In these cases, the aggrieved party may be entitled to terminate the contract and seek compensation for any losses suffered as a result of the breach. However, this approach is not one-size-fits-all, and you should seek legal advice before terminating based on a purported breach.

What happens if a fixed-term contract ends and neither party wants to continue?

If the fixed-term contract reaches its natural end and neither party expresses an interest in extending or renewing the agreement, it will generally terminate automatically at the end of the agreed period. The business relationship may come to a close, and the parties may not be obligated to continue any further dealings unless agreed otherwise.

However, it is important to check the contract for any automatic renewal clauses that could extend the agreement without further negotiation.

Can a force majeure clause allow for early termination of a fixed-term contract?

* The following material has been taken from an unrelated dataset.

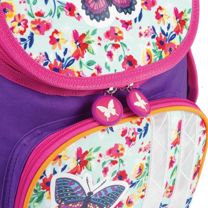 Ранец на молнии BRAUBERG 34*26*16 дев "Бабочка в цветах" 226907 — это очень практичное и качественное текстильное изделие, которое отвечает всем перечисленным требованиям.
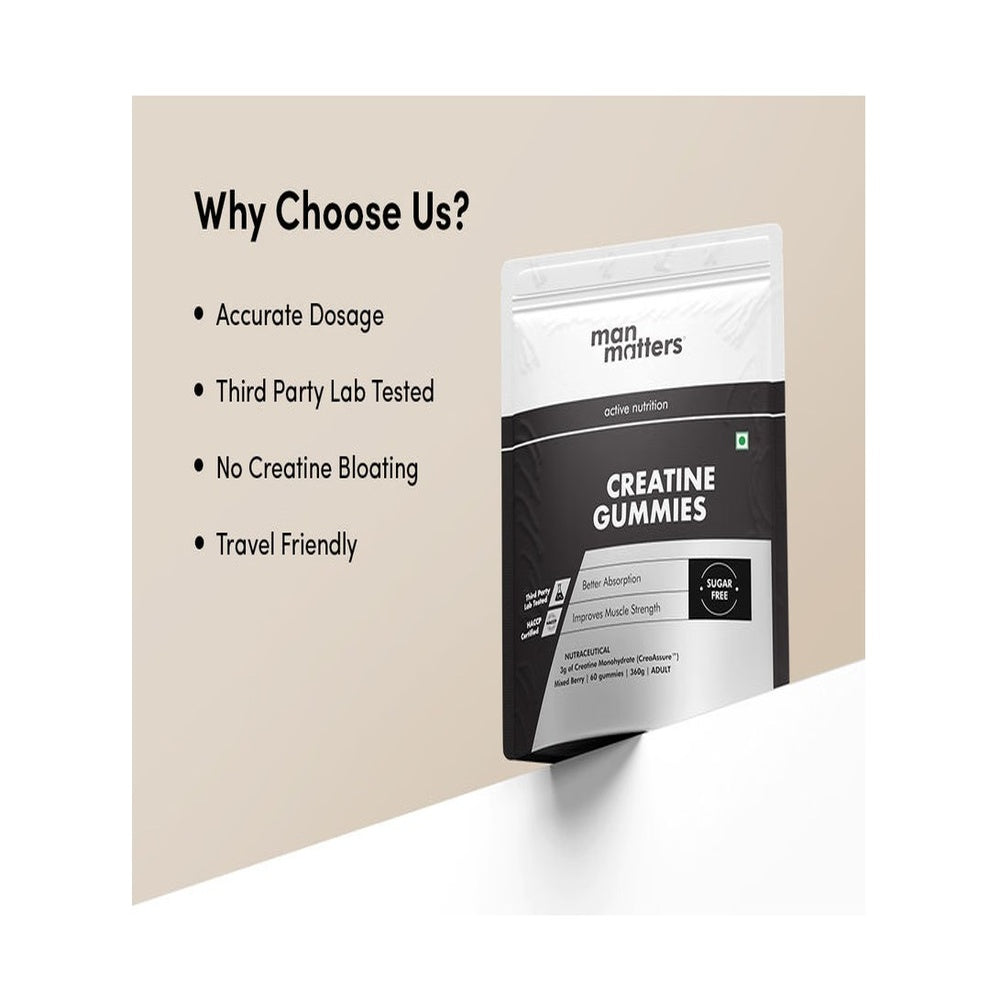 Man Matters Creatine Gummies offer a convenient and effective way to support muscle strength and recovery. Each gummy delivers a precise dose of creatine, a well-researched supplement known to enhance muscle energy production during high-intensity exercise. This formulation aids in improving workout performance and promoting faster muscle repair, making it an ideal choice for athletes and fitness enthusiasts seeking a practical alternative to traditional creatine powders or capsules.

Yes, a force majeure clause can allow early termination in certain circumstances. Force majeure clauses typically outline specific events (such as war, natural disasters, pandemics, or other "Acts of God") that may prevent one or both parties from fulfilling their obligations under the contract. If a force majeure event occurs, the affected party may be entitled to terminate or suspend performance of the contract without liability, depending on the terms of the clause.

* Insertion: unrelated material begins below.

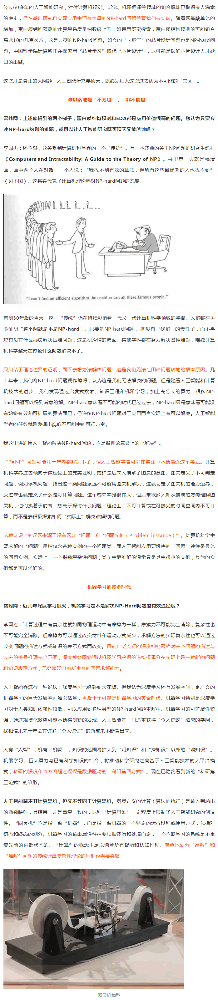 學(xué)術(shù)界的人工智能研究過分局限于約翰·麥肯錫的定義,也就是人工智能的目標(biāo)是“像人”,并指出我們應(yīng)該突破對智能的狹義理解。這與AI要解決NP-hard級別難題有什么聯(lián)系?
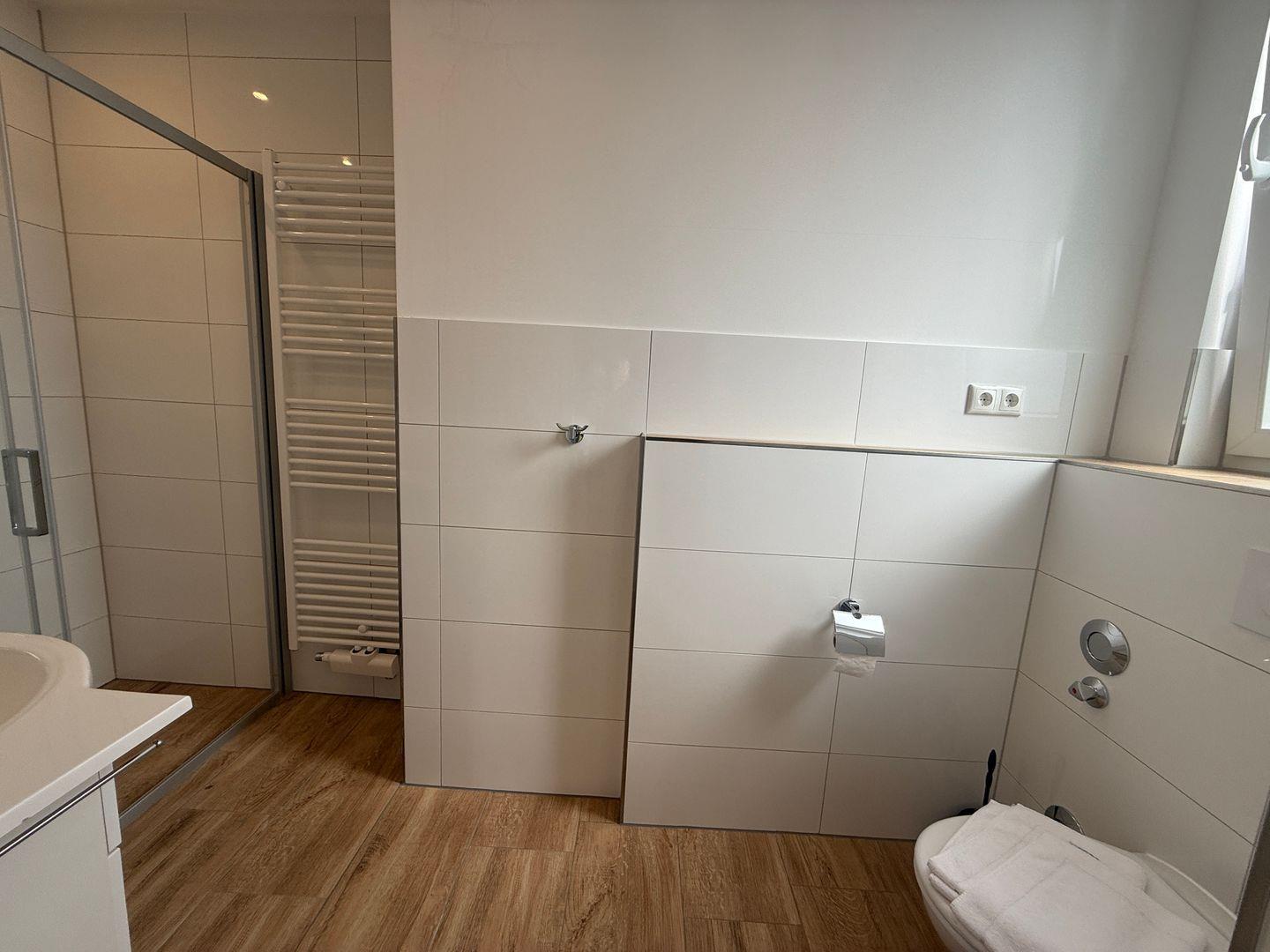 Die neue Küche hat alles für den täglichen Gebrauch, auch einen Geschirrspüler. Das helle Bad ist geräumig und mit einem niedrigen Duscheinstieg. Die Wohnung liegt im Parterre mit Terrasse. Da die Wohnung für Allergiker geeignet ist, sind Haustiere leider nicht gestattet.

It's essential to check the specific wording of the force majeure clause in the contract, as it may also specify certain procedures or notice requirements for invoking this provision.

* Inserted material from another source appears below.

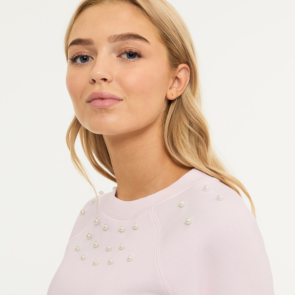 Het sweatshirt dat met zijn decoratieve parels net zo goed werkt in de stal als in het dagelijks leven. Relaxte pasvorm met zacht geborstelde binnenkant. Geribde manchetten langs de hals, mouwen en onderkant.

Can a business terminate a fixed-term contract due to the other party's insolvency?

Yes, many fixed-term contracts include a provision allowing for termination if one of the parties becomes insolvent or enters into bankruptcy. Insolvency can be a material breach of contract, and the solvent party may have the right to terminate the agreement immediately.

In some cases, common law also allows for termination if a party undergoes liquidation, enters receivership, or is otherwise unable to meet its financial obligations.

Are there penalties for terminating a fixed-term contract early?

Penalties for early termination of a fixed-term contract can vary based on the terms of the contract. These penalties may include:

  1. Termination fees: Some contracts contain clauses that specify a fee for early termination, which may be a flat fee or a calculation based on the remaining contract value.
  2. Damages: The terminating party may be required to compensate the other party for any losses incurred as a result of the early termination, including lost profits, wasted expenditure, and any other reasonable costs associated with ending the contract prematurely.
  3. Legal costs: In some cases, the terminating party may also be required to cover the legal costs incurred by the other party in relation to the breach or termination.

Can both parties mutually agree to terminate a fixed-term contract early?

Yes, both parties can mutually agree to terminate a fixed-term contract before the end of the agreed period. Mutual termination can be a negotiated process where both businesses agree on the terms, including any compensation, settlement, or continued obligations post-termination.

A mutual termination agreement should be documented in writing and signed by both parties to ensure that it is legally binding.

Conclusion

Under English law, terminating a fixed-term contract between businesses involves careful consideration of the contract's terms and any legal grounds for early termination.

Both parties should review termination clauses, the circumstances for termination, and potential consequences carefully before proceeding. Where applicable, seeking legal advice can help businesses navigate the complexities of contract termination and avoid costly contract disputes.